● Material to process:
▼▼▼
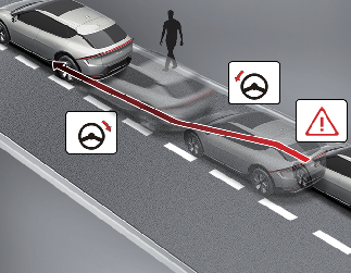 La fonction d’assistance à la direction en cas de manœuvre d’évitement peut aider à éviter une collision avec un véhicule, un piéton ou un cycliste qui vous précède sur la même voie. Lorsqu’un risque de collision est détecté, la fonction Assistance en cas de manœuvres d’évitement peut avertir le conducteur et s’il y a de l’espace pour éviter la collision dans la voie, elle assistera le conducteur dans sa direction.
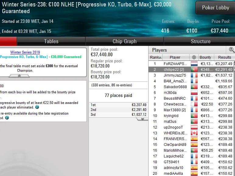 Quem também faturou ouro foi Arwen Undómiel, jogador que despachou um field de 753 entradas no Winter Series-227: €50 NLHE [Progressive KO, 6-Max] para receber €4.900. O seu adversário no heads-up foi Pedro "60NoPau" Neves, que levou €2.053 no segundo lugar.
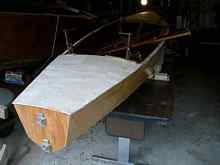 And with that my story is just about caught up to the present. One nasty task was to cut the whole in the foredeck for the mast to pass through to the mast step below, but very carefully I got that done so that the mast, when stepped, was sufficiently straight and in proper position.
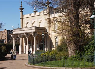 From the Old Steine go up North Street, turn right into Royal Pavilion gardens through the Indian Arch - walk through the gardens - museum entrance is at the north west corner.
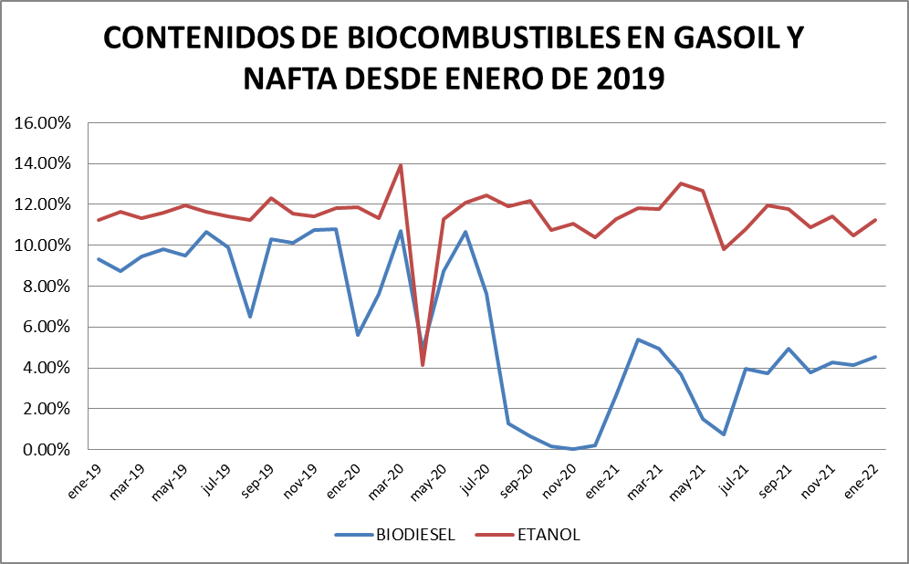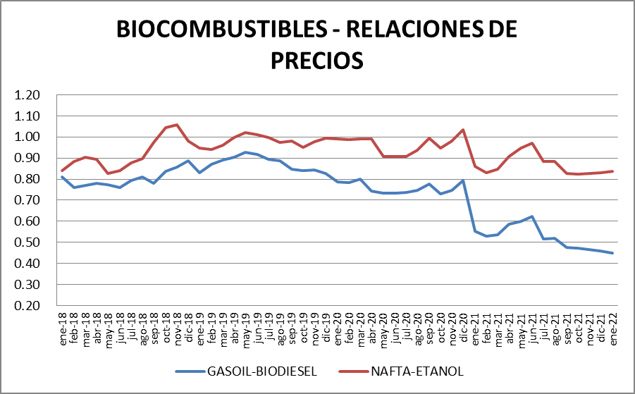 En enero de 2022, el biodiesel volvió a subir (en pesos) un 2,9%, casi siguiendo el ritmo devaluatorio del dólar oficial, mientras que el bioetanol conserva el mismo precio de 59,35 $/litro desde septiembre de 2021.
▲▲▲
▼▼▼
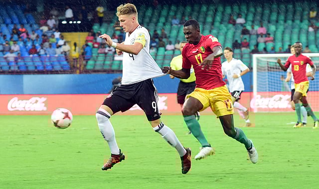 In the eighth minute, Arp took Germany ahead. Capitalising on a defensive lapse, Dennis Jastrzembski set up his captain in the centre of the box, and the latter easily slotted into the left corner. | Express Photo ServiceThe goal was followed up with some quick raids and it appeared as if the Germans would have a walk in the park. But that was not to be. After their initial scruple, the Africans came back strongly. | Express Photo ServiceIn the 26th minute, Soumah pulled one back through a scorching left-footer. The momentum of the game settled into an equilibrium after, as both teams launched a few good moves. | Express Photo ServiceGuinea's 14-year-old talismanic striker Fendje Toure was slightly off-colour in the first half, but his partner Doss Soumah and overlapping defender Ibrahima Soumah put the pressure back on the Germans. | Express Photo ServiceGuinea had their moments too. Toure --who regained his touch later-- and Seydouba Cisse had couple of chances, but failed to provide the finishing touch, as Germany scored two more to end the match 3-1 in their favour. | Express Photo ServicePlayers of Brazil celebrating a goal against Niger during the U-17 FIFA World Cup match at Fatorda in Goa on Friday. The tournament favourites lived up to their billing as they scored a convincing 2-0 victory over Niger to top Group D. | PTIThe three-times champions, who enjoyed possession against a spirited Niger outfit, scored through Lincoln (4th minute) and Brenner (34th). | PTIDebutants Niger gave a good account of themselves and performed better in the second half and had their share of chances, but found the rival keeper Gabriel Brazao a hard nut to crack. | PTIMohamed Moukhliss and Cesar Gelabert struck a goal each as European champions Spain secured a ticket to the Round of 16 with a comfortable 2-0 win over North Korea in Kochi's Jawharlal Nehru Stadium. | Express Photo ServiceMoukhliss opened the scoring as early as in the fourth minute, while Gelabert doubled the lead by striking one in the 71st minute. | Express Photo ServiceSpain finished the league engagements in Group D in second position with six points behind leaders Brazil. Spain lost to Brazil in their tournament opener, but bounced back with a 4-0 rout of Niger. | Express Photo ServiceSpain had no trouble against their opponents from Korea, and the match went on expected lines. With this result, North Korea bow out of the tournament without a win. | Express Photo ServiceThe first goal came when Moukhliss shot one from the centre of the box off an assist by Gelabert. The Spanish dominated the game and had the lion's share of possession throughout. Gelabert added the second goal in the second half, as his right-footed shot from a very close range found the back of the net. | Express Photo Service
▲▲▲
▼▼▼
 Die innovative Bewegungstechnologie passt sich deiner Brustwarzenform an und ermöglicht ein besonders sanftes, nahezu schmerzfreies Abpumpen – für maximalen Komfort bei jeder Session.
▲▲▲
● Prompt: Return word for word the lines of the listing above, starting at the line with "Quem também faturou" and ending at the line with "From the Old", both included. Pictures do not belong in the copy.

● Exercise response:
 Quem também faturou ouro foi Arwen Undómiel, jogador que despachou um field de 753 entradas no Winter Series-227: €50 NLHE [Progressive KO, 6-Max] para receber €4.900. O seu adversário no heads-up foi Pedro "60NoPau" Neves, que levou €2.053 no segundo lugar.
 And with that my story is just about caught up to the present. One nasty task was to cut the whole in the foredeck for the mast to pass through to the mast step below, but very carefully I got that done so that the mast, when stepped, was sufficiently straight and in proper position.
 From the Old Steine go up North Street, turn right into Royal Pavilion gardens through the Indian Arch - walk through the gardens - museum entrance is at the north west corner.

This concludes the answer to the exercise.